═══ Supplied material ═══
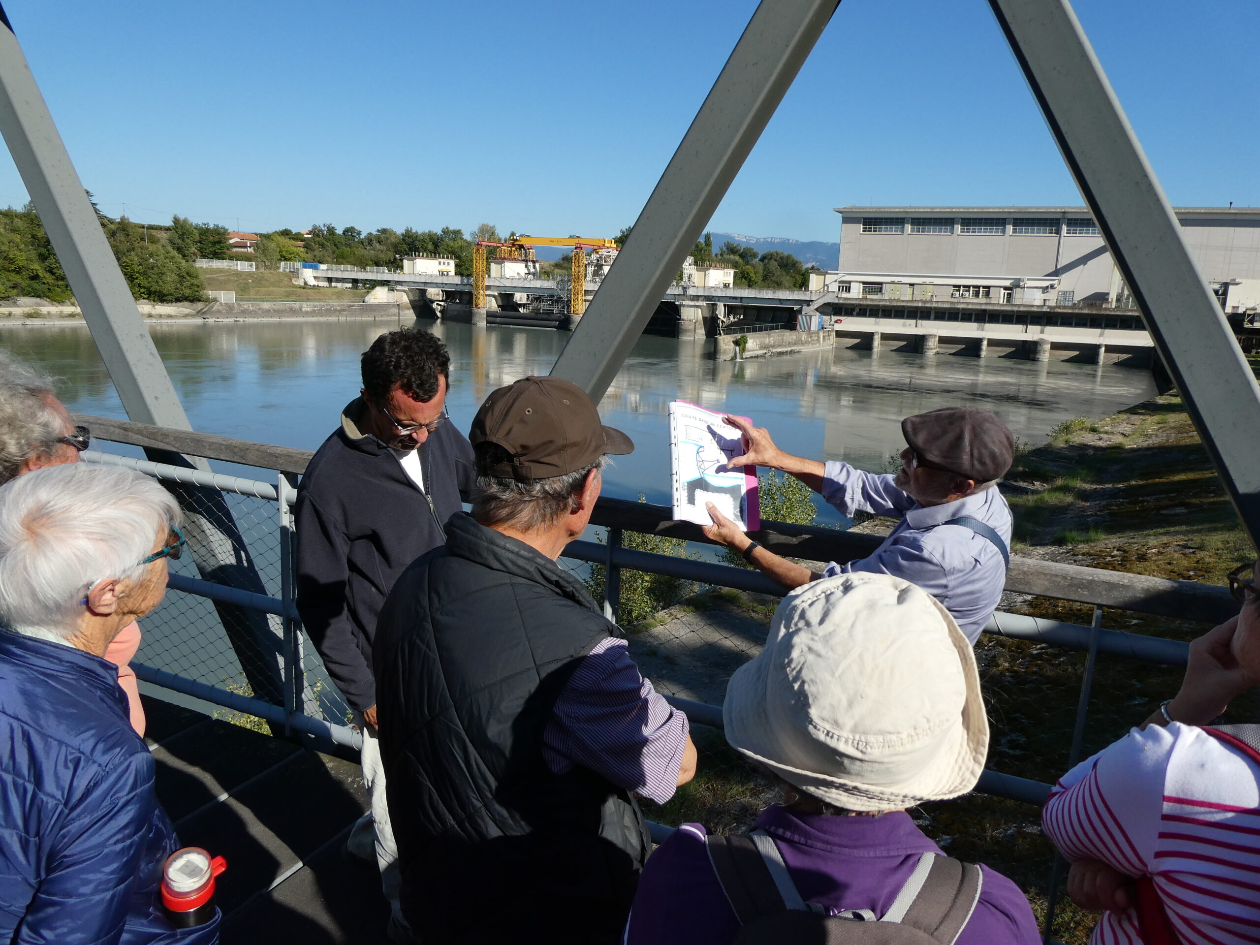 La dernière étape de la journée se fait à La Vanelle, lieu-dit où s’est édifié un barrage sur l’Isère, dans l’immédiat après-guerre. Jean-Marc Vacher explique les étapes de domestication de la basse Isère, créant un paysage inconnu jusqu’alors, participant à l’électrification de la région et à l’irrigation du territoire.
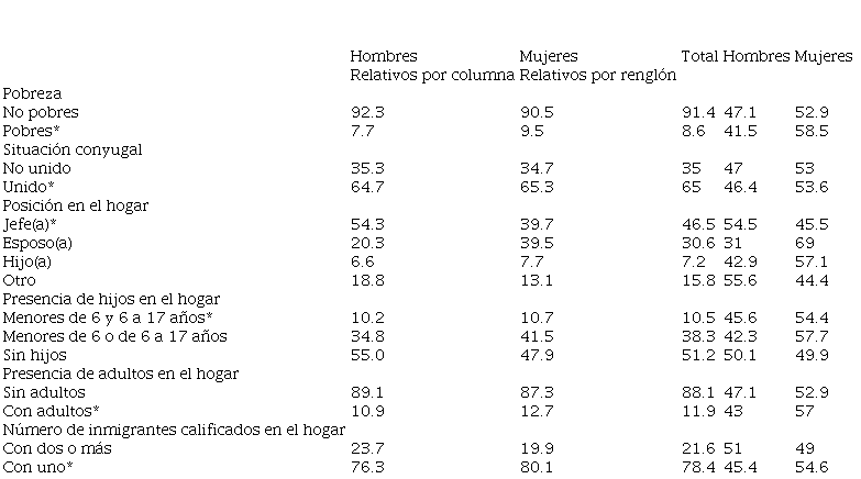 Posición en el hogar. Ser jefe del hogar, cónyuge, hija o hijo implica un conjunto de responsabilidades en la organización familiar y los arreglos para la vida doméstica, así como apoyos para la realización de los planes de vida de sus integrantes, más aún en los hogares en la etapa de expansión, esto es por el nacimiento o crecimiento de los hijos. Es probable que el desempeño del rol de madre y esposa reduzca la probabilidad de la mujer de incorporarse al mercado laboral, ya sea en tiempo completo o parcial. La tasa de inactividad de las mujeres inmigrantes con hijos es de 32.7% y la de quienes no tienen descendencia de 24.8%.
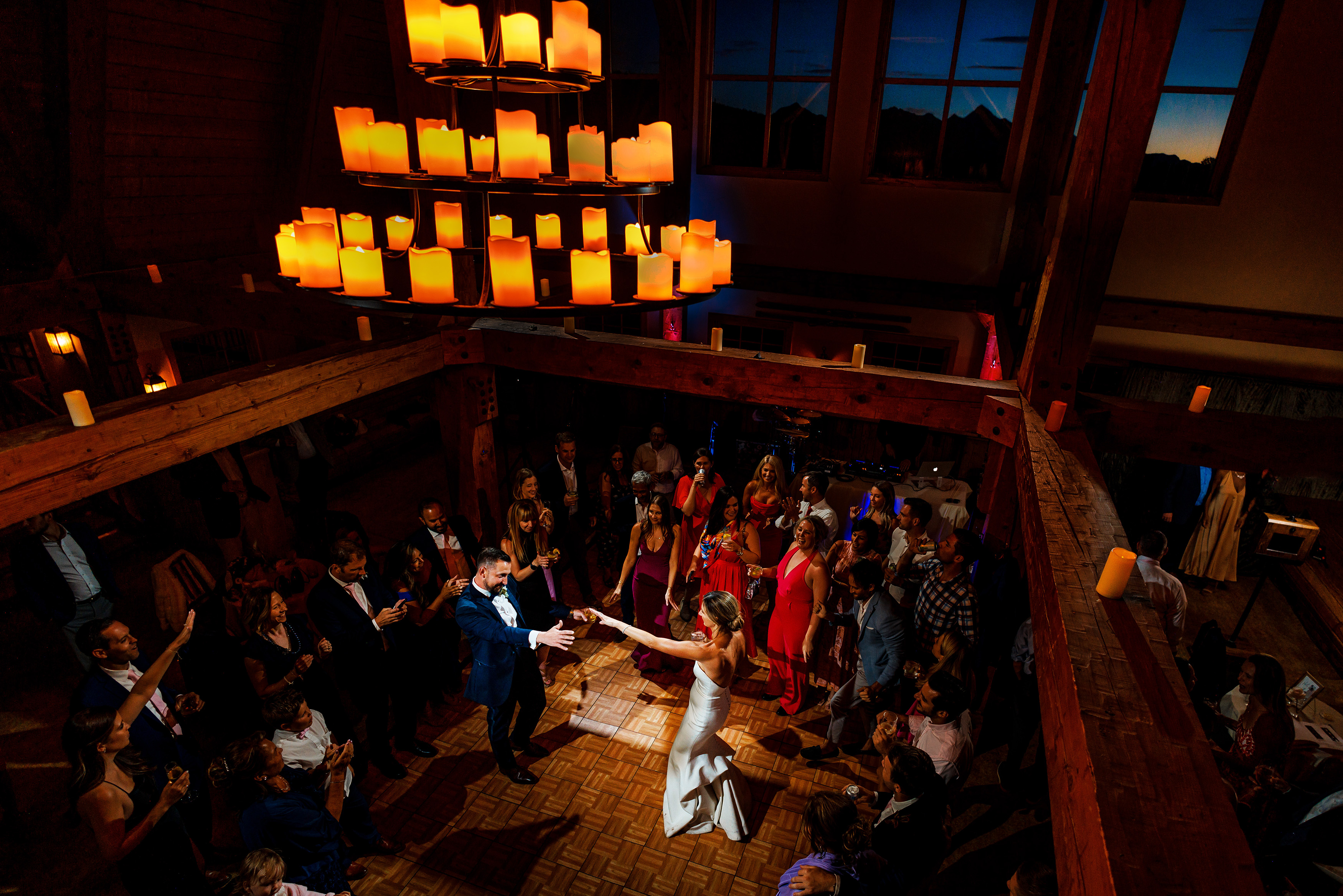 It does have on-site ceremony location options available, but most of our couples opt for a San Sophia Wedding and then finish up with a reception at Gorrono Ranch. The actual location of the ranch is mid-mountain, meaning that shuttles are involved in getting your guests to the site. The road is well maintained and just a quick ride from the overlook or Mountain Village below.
═══
§ Problem description
Print the data above verbatim from the first line through the line holding "Posición en el", leaving every picture out.

§ Response box
 La dernière étape de la journée se fait à La Vanelle, lieu-dit où s’est édifié un barrage sur l’Isère, dans l’immédiat après-guerre. Jean-Marc Vacher explique les étapes de domestication de la basse Isère, créant un paysage inconnu jusqu’alors, participant à l’électrification de la région et à l’irrigation du territoire.
 Posición en el hogar. Ser jefe del hogar, cónyuge, hija o hijo implica un conjunto de responsabilidades en la organización familiar y los arreglos para la vida doméstica, así como apoyos para la realización de los planes de vida de sus integrantes, más aún en los hogares en la etapa de expansión, esto es por el nacimiento o crecimiento de los hijos. Es probable que el desempeño del rol de madre y esposa reduzca la probabilidad de la mujer de incorporarse al mercado laboral, ya sea en tiempo completo o parcial. La tasa de inactividad de las mujeres inmigrantes con hijos es de 32.7% y la de quienes no tienen descendencia de 24.8%.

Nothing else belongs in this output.